Why is the probability used in the definition of RP complexity classes, arbitrary?

I was looking at the following wikipedia article on the RP complexity class:

https://en.wikipedia.org/wiki/RP_(complexity)

In its definition it states:

• If the correct answer is NO then it always returns NO
• If the correct answer is YES then it returns YES with a probability of 1/2

At the end of the introduction it says:

The fraction 1/2 in the definition is arbitrary. The set RP will contain exactly the same problems, even if the 1/2 is replaced by any constant nonzero probability less than 1; here constant means independent of the input to the algorithm.

What I don't understand is why this 1/2 is arbitrary? If you change it to 1/3 does it really still contain the same set of decision problems as with 1/2?
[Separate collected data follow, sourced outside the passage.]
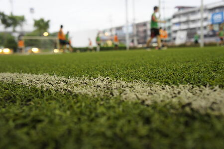 Artificial grass and line texture in soccer field.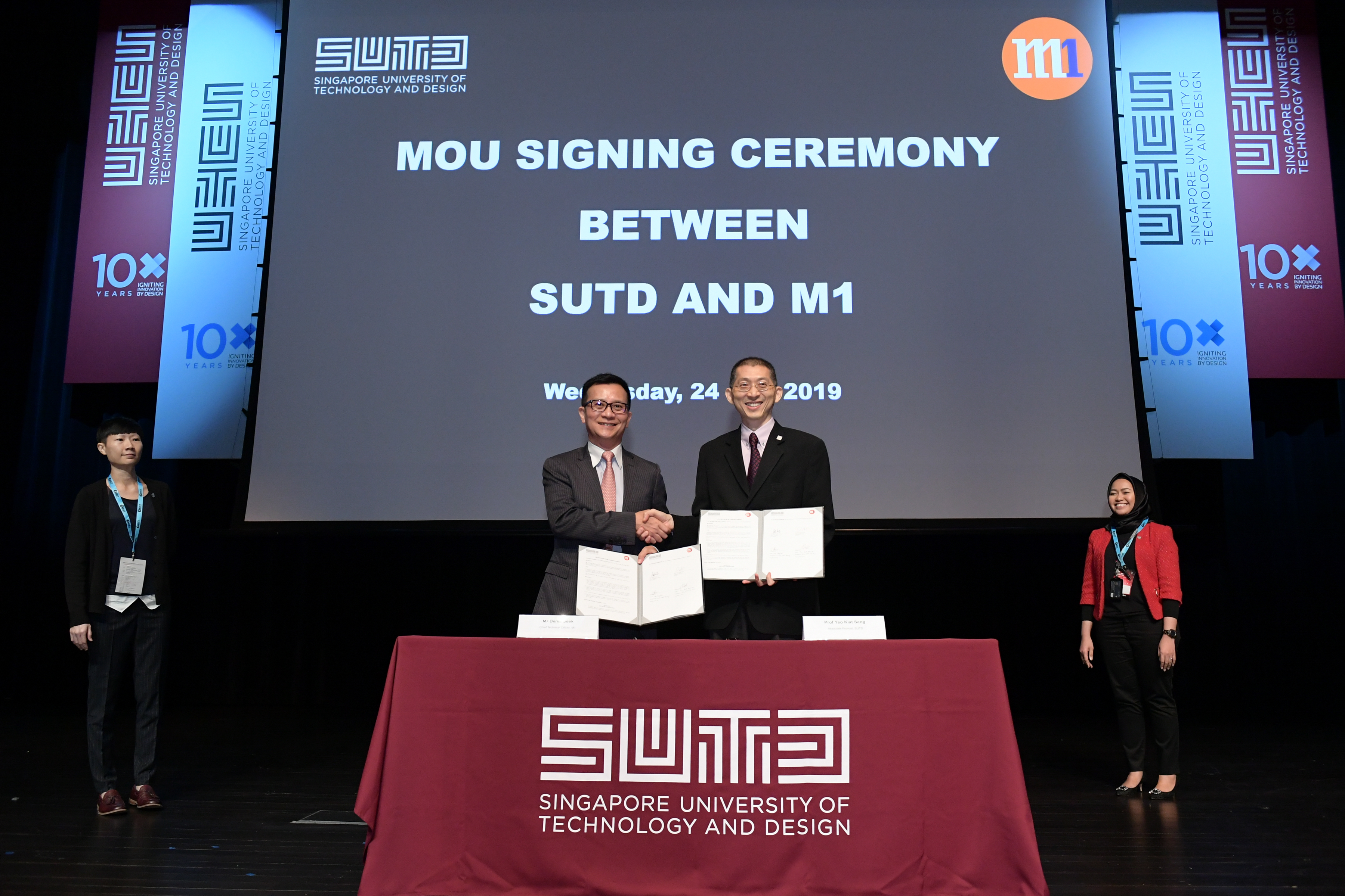 SINGAPORE, 24 JULY 2019 – M1 Limited (M1) and Singapore University of Technology and Design (SUTD) today signed a memorandum of understanding (MOU) to embark on a joint research partnership around remote operation of tactile robots using 5G technology, further supporting Singapore’s Smart Nation transformation journey. The MOU was signed at SUTD’s annual Fostering Industrial Research Success Together (FIRST) Industry Workshop, where stakeholders from industry, academia and the Government convened to foster collaborative research and deepen industry-academia ties.
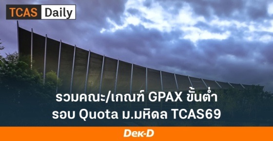 DEK69 คนไหนที่กำลังเล็งรอบ Quota ม.มหิดล ตอนนี้ประกาศเกณฑ์ GPAX ขั้นต่ำแต่ละคณะออกมาแล้ว ทั้งหมด 18 คณะ รับรวมเยอะถึง 1,627 คน สมัครได้ตั้งแต่วันที่ 20 มี.ค. 69 - 8 เม.ย. 68 โดยจำกัดสิทธิ์สมัครได้ 1 โครงการต่อคนเท่านั้น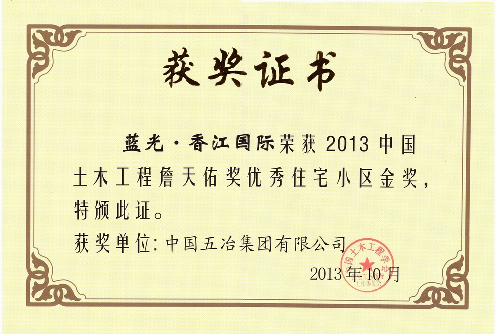 ????2013年10月,中國(guó)五冶集團(tuán)有限公司藍(lán)光·香江國(guó)際項(xiàng)目榮獲2013年度中國(guó)土木工程詹天佑獎(jiǎng)優(yōu)秀住宅小區(qū)金獎(jiǎng)。
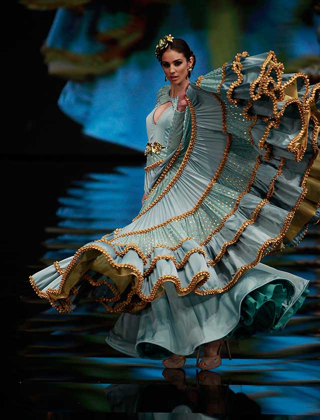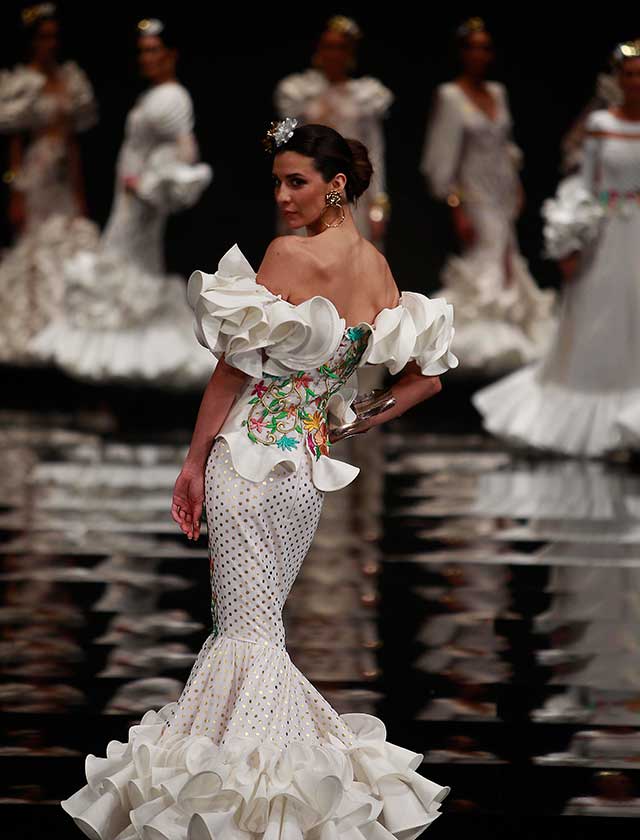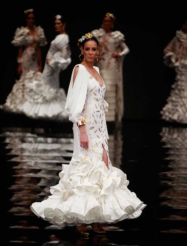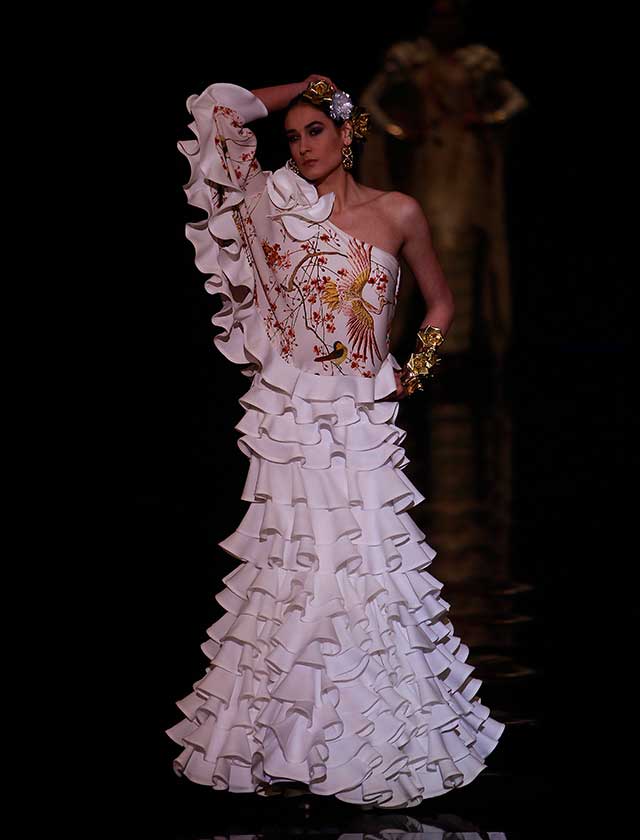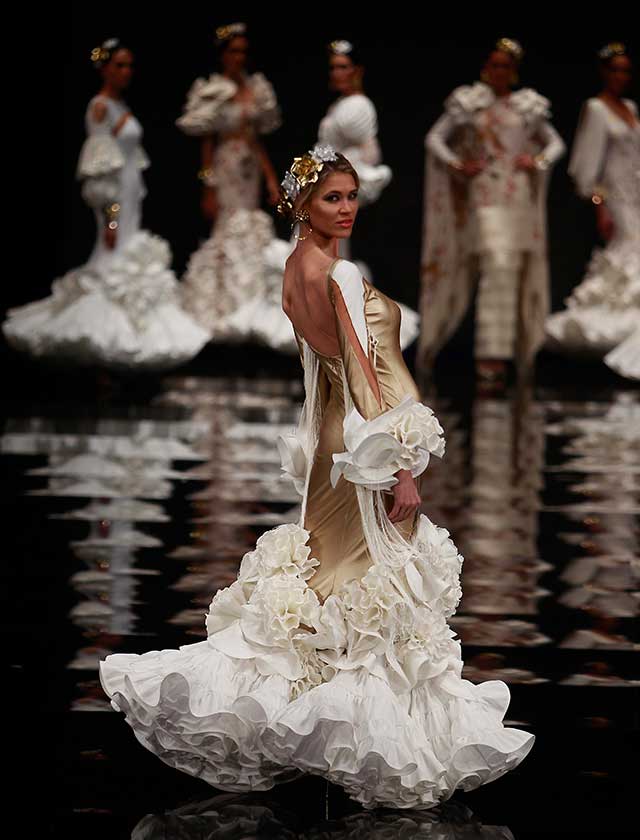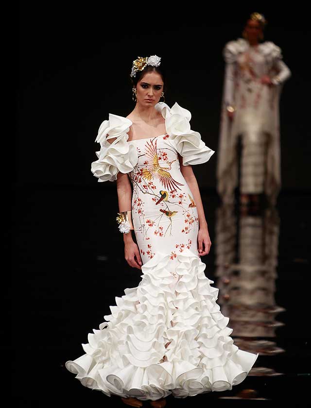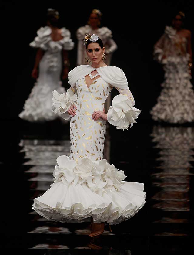 La diseñadora Ana Morón ha presentado «Volaré», una colección de vestidos que modernizan las formas y texturas con estudiados volúmenes y transparencias que crea una silueta flamenca más contemporánea (J. M. Serrano / Raúl Doblado)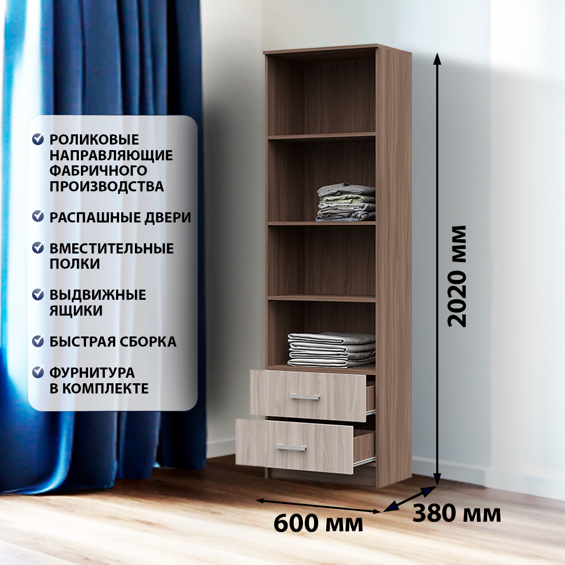 10 цен на Распашной шкаф для одежды Машенька ШК-201 ЛДСП (600х2020х380) шимо темный / шимо светлый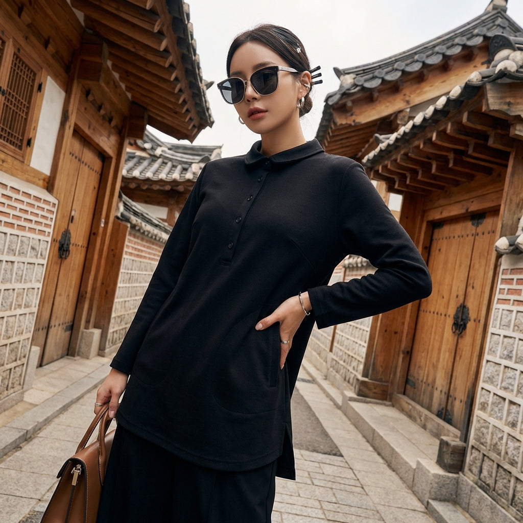 - Stil: Koreanische Mode, Streetwear, Urban. Dieses Hemd verkörpert den Geist der koreanischen Mode mit einem urbanen Touch, ideal für einen trendigen und lässigen Look. Die Knöpfe verleihen einen eleganten und praktischen Abschluss.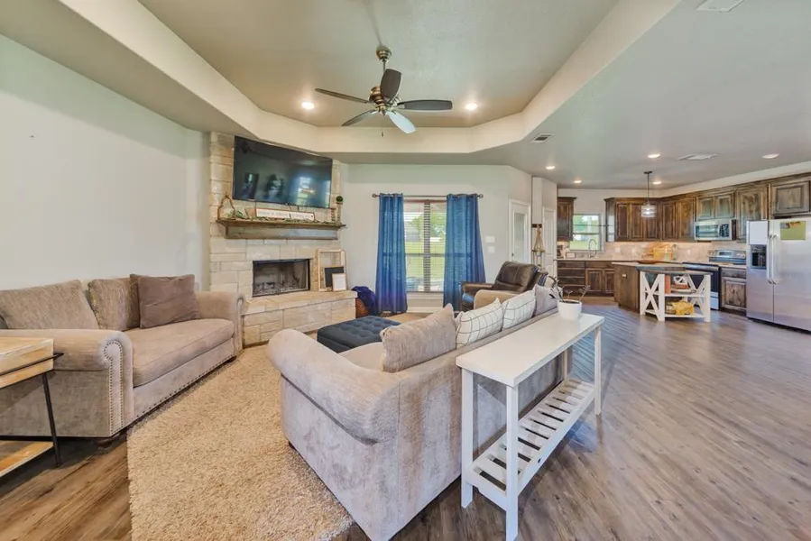 Motivated Seller! This beautiful family homes sits in Paradise on a road with no thru traffic. The cul de sac lot is another plus. This home has a great floor plan with large primary bedroom suite with walk in closet, a huge shower and double vanities. The den has a tray ceiling, wood burning fireplace and is open to the kitchen and dining room. Kitchen has electric range, granite countertops, island and great window over sink with a view of the large covered porch and the huge fenced in back yard. Two nice sized secondary bedrooms and two and one half baths. A new roof will be added before closing and it will be the same color as current roof.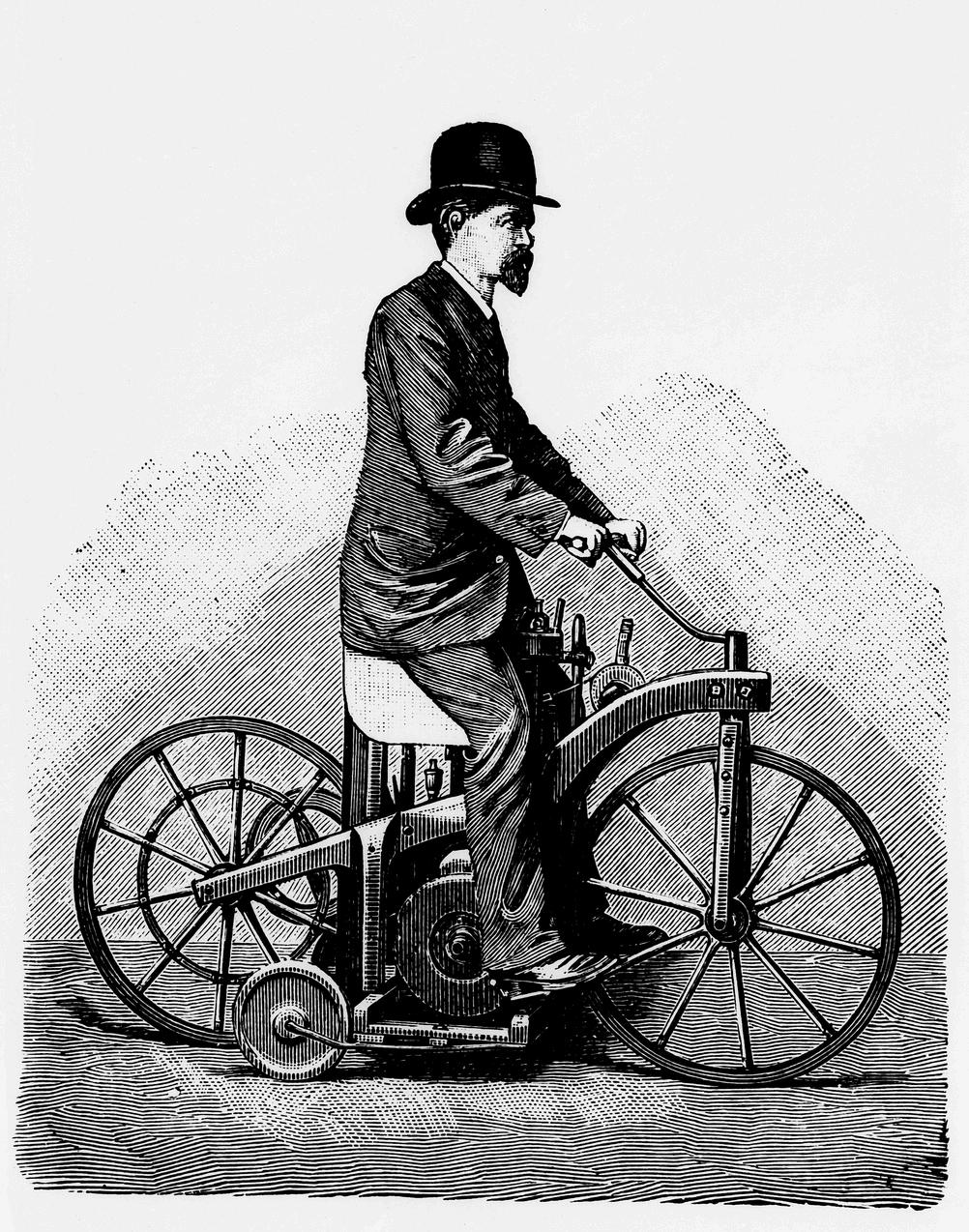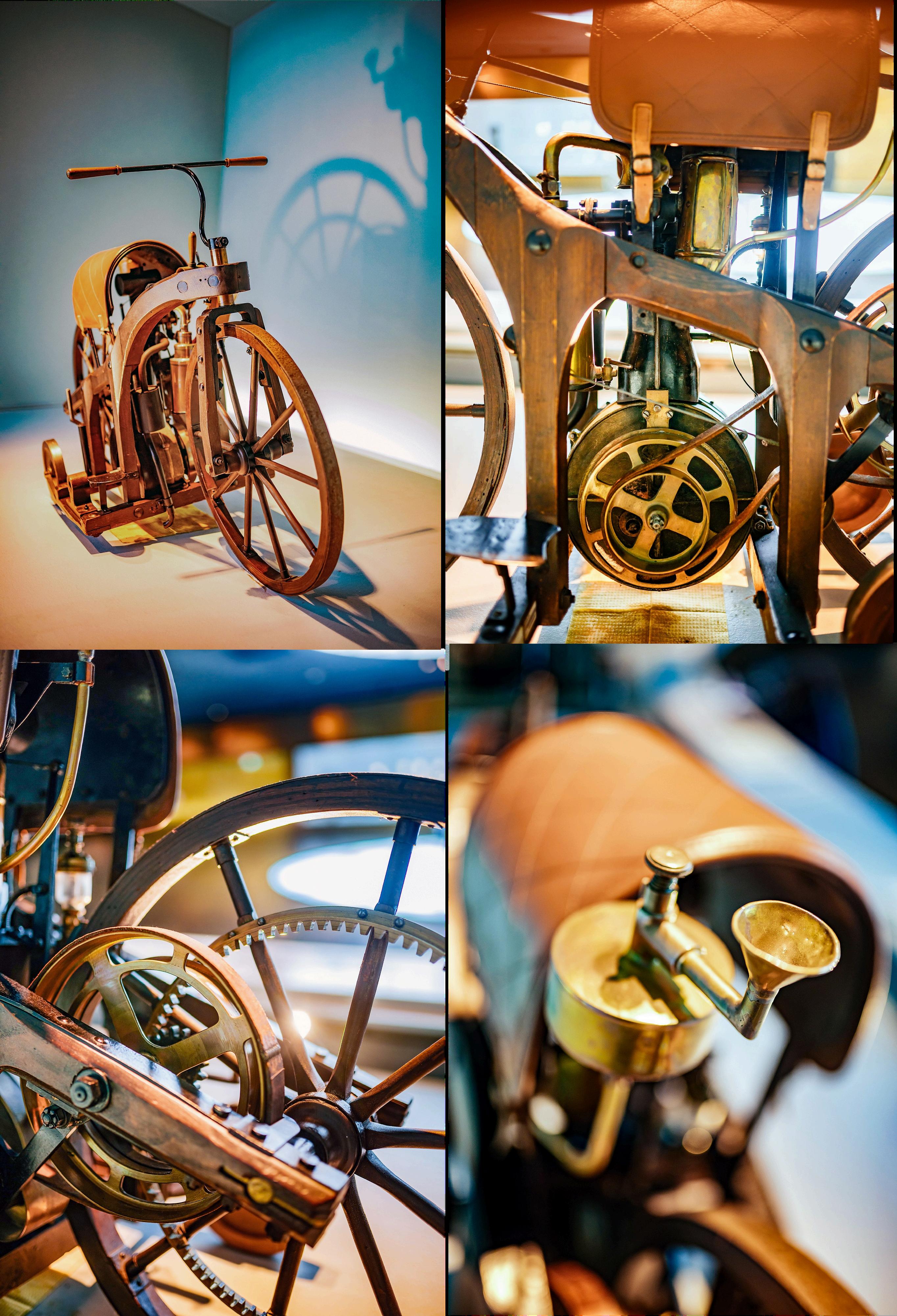Equipped with a high-speed four-stroke engine, the riding carriage is the world's first motorcycle

Yes, the constant is entirely arbitrary. Call an algorithm a $p$-algorithm if:
• When the correct answer is YES, it answers YES with probability at least $p$.
Given a $p$-algorithm and a constant parameter $m$, we construct a new algorithm which runs the original algorithm $m$ times (with independent coin tosses) and takes the OR of the result. This algorithm is a $1-(1-p)^m$-algorithm (exercise). For every constant $q < 1$ you can find a constant $m$ such that $1-(1-p)^m \geq q$. Hence if a problem admits a $p$-algorithm it also admits a $q$-algorithm, for every $0 < p,q < 1$.